悪さをことごとく邪魔されているゾロリは、豚のポイポイの弱点を運よく知る。作戦を練り、ゾロリ城にポイポイと愉快な仲間たちを招待するが…夏の定番「おばけ」をネタに、愉快な冒険が楽しめる。
見間違えからやぎひげ先生を一つ目のお化けだと思ったポイポイ。トラウマになっているものの、正義のヒーローになると全く大丈夫になってしまう。七夕の短冊に書いた願い事や、ゾロリ城で待ち受ける嫌がらせの数々など、駄洒落やユーモア満載でどのページも突っ込みどころが満載。あちこちにちりばめられたギャグを拾っていく楽しみと、妙な方面に突き進む話の筋を追う楽しみで1冊で何度もおいしい。豪華で面白がらせる気持ちが満載のサービス絵本。
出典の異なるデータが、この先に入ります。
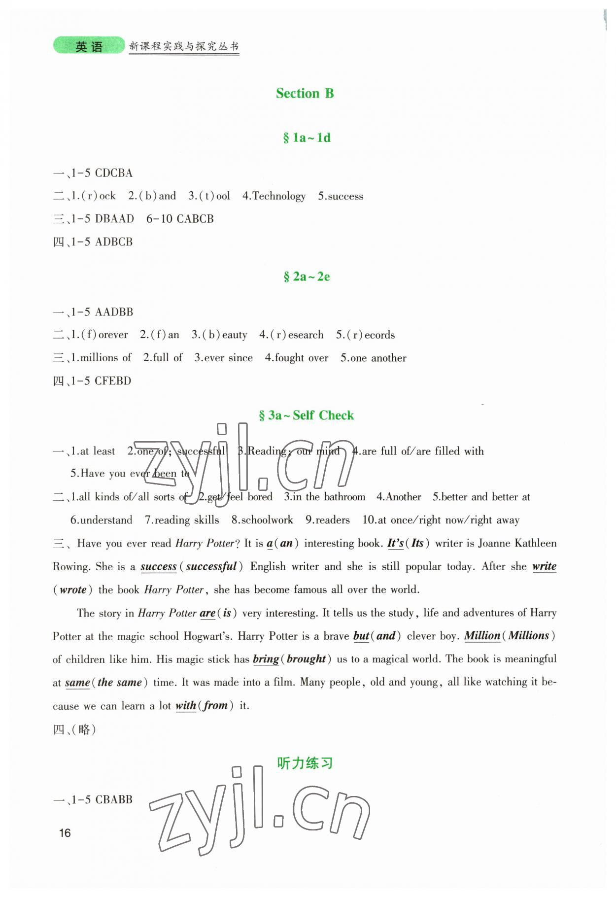 注:目前有些书本章节名称可能整理的还不是很完善,但都是按照顺序排列的,请同学们按照顺序仔细查找。练习册 2023年新课程实践与探究丛书八年级英语下册人教版 答案主要是用来给同学们做完题方便对答案用的,请勿直接抄袭。

圧巻はそうめんの池地獄。なんとゾロリがわざわざ3日もかけてそうめんを茹でまくって自作した、なかなか結構な代物。おそらくクーラーなどは設置していないであろうゾロリ城で、作業中、何度も熱中症で倒れそうになったゾロリを想像すると、あまりの執念深さと思いつきのばかばかしさにクラクラする。
復讐もここまでくだらないと、かえって芸術的とすら思える。その根性を別のことには全く使えないところが、悪役の悲しいところであり、お話の面白いところである。
請求書の山、妙にリアルな展開がおかしくて、夜中夢にでてきそうだ。